(DATASET EXTRACT begins)
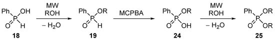 Our next targets were the phosphonic acids. In the first approach, the alkyl phenyl-H-phosphinates (19) were oxidized, then the ester-acid were esterified. However, we could not be satisfied with the efficiency (Scheme 6) [].
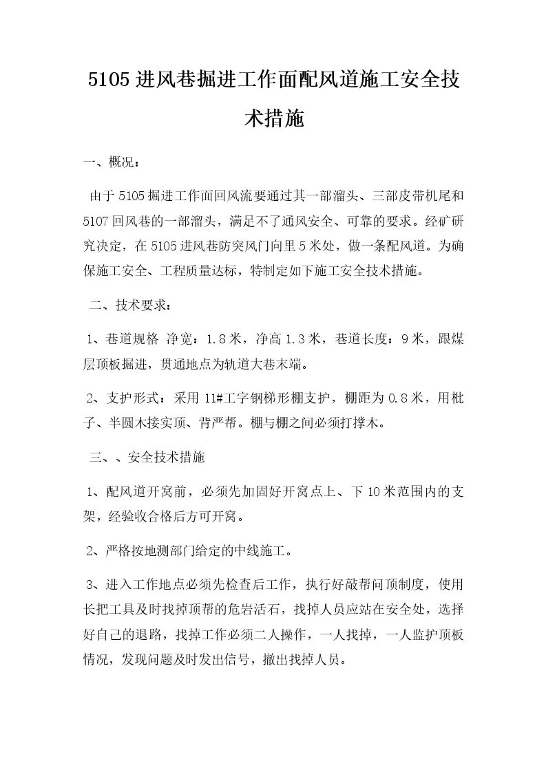 进风巷掘进工作面配风道施工安全技术措施
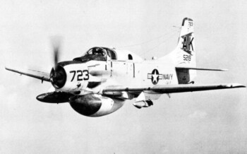 Alors que la guerre commençait à faire rage dans cette partie du monde, entre forces pro-américaines et forces pro-soviétiques, l’aéronavale des États-Unis continuait le développement des Skyraider de guerre électronique. Le Douglas AD-4 donna naturellement naissance à l’AD-4Q spécialement conçu pour le brouillage des toutes nouvelles batteries de missiles sol-air soviétiques. Mais surtout il fut la base des cent soixante-huit AD-4W, la version jusque là la plus importante de ces avions. En unité l’AD-4W reçut rapidement le surnom de Big Belly Buzzing, c’est à dire de «gros ventru bourdonnant» en raison de son radôme autant que du bruit de son moteur au décollage autant qu’en vol.
(DATASET EXTRACT ends)
_DIRECTIONS:_
In the copy, keep every line of the data above exactly and drop each picture.

_RESULT OF THE EXERCISE:_
 Our next targets were the phosphonic acids. In the first approach, the alkyl phenyl-H-phosphinates (19) were oxidized, then the ester-acid were esterified. However, we could not be satisfied with the efficiency (Scheme 6) [].
 进风巷掘进工作面配风道施工安全技术措施
 Alors que la guerre commençait à faire rage dans cette partie du monde, entre forces pro-américaines et forces pro-soviétiques, l’aéronavale des États-Unis continuait le développement des Skyraider de guerre électronique. Le Douglas AD-4 donna naturellement naissance à l’AD-4Q spécialement conçu pour le brouillage des toutes nouvelles batteries de missiles sol-air soviétiques. Mais surtout il fut la base des cent soixante-huit AD-4W, la version jusque là la plus importante de ces avions. En unité l’AD-4W reçut rapidement le surnom de Big Belly Buzzing, c’est à dire de «gros ventru bourdonnant» en raison de son radôme autant que du bruit de son moteur au décollage autant qu’en vol.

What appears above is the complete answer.